7                     In 1996, he said his father ceased to hold office as BNP general secretary. Mr Mukto was to take his father’s place in politics so that his father could concentrate on business.  He claimed to have been the convener of the BNP at his university college.  He claimed also to have studied Bangla, English, Logic and Islamic Studies. The Tribunal found, however, that he did not appear to have a basic knowledge of the subjects he claimed to have studied.  It was put to him at the Tribunal that given his ignorance of the subjects he claimed to have studied it was unlikely that he had actually undergone the two and a half years to three years of university study claimed and that accordingly his assertion that he had been a top BNP official at university was not plausible.  Mr Mukto replied he had not been a very good student and  had twice failed his university exams.

8                     He related a series of occurrences in which he said BNP members had been killed by the Awami League, including one Wahiduzzaman Chanchal (also apparently Chonchal) of the BNP Student League in Khulna.  The Tribunal noted that some of the claimed killings are the subject of printed articles which he had submitted and that in all cases the BNP appeared to have blamed the Awami League for the killings.  Except for the murder of Chanchal in October 1998, the Tribunal could not locate published versions of the incidents other than what it described as the rather scrappy clippings submitted by Mr Mukto.
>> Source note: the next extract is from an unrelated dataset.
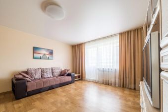 В квартире есть две уютные спальни и просторный зал, где вас встретит комфортный диван, который быстро раскладывается, создавая два дополнительных спальных места. Наслаждайтесь просмотром любимых программ на большом телевизоре и бесплатным Wi-Fi. Также одна из спален оборудована вторым телевизором для вашего удобства. Мы заботимся о вашем комфорте: чистейшее белоснежное белье из качественного материала, махровые банные полотенца и полотенца для лица обеспечат вам максимальное удобство.
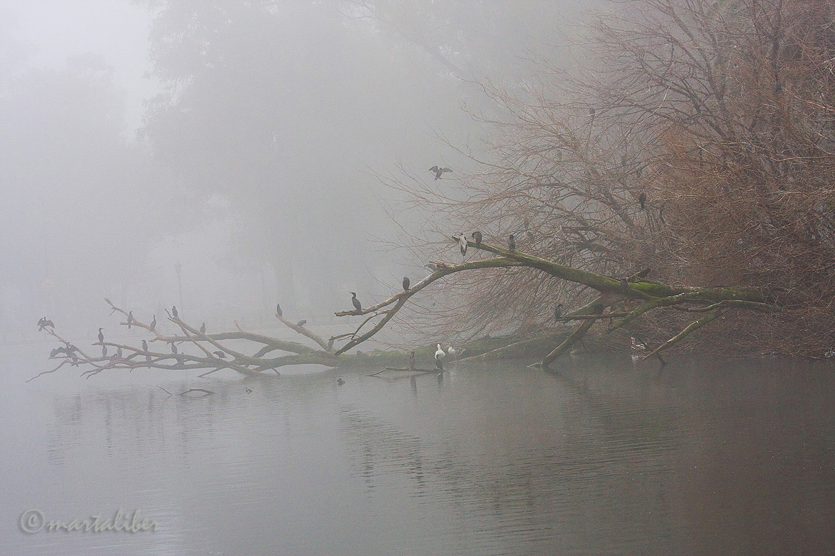 Hola Marta, una atmósfera extraordinaria la que tiene esta imagen y con un buen agrupamiento de aves, las líneas de las ramas también son muy atractivas, ¿el desnivel es a posta por motivos compositivos o no? Muchas gracias y saludos

9                     Mr Mukto was asked about letters of reference he submitted which he claimed were genuine.  Many of them contained statements along the following lines:

(1)       “Government agencies framed many false cases against him and are trying to haul him up and put into prison.  He is actually escaping arrest and subsequent torture.”

This was in a letter from the BNP “assistant office secretary”.

(2)       “[The applicant] is an active and popular leader of the BNP at BL college…[H]e is the younger cousin of Mohammaad Rafikul Islam… [who] was killed by the terrors  (sic) when they did not find [the applicant].  Some false cases are issued against [the applicant] and now his life is at stake of death….”

This appeared over the signature of one Waheduzzaman designated “BNP Student Party, Daulatpur, Khulna”.  It was dated 15 August 1999.


(3)       “Many false cases have been lodged against [the applicant] by the present ruling party, Bangladesh Awami League.  He was wanted in those false cases.”

This statement was in a letter from an advocate in Khulna.

10                  The Tribunal challenged the applicant about the claims in these letters, particularly to another letter from the Ward Commissioner of Khulna who said that Mr Mukto was personally known to him and so far as he knew he was not involved in any civil disobedience or any anti-state activity.  Mr Mukto replied to the Tribunal that the Ward Commissioner had not mentioned the charges against him because he had known that they were false and sympathised with him.

11                  During the hearing, it was put to Mr Mukto, by the Tribunal, that independent information showed that the courts in Bangladesh were independent and efficient and had thrown out thousands of false charges.  In addition, he apparently had the support of the top government official in the area and of top local BNP leaders and, on his claims, his father was a renowned businessman valued by the Chamber of Commerce.  The Tribunal put to him that he would have been able to draw on a formidable number of sponsors to stand surety for him and defend him against harm and that given all this, it could not be said without more that he could not find protection in Bangladesh.  Mr Mukto replied that the people who wrote letters in his support could not help him but when his friend Hussein had been killed some months after leaving Khulna he had lost hope for his own safety.

12                  Various other matters were put to the Tribunal and submissions made by Mr Mukto’s advisers, Macpherson and Kelley, were taken into consideration in preparing the decision.  In setting out its findings and reasons, the Tribunal accepted that there may be difficulties in communication which can affect an applicant’s ability to provide a coherent, consistent and plausible account.  It accepted that applicants for refugee status face difficulties of proof.  It also accepted that if it were to make adverse findings about an applicant’s credibility, then it might need to take into account the possibility that those findings might be wrong when deciding whether the applicant had a well-founded fear of persecution.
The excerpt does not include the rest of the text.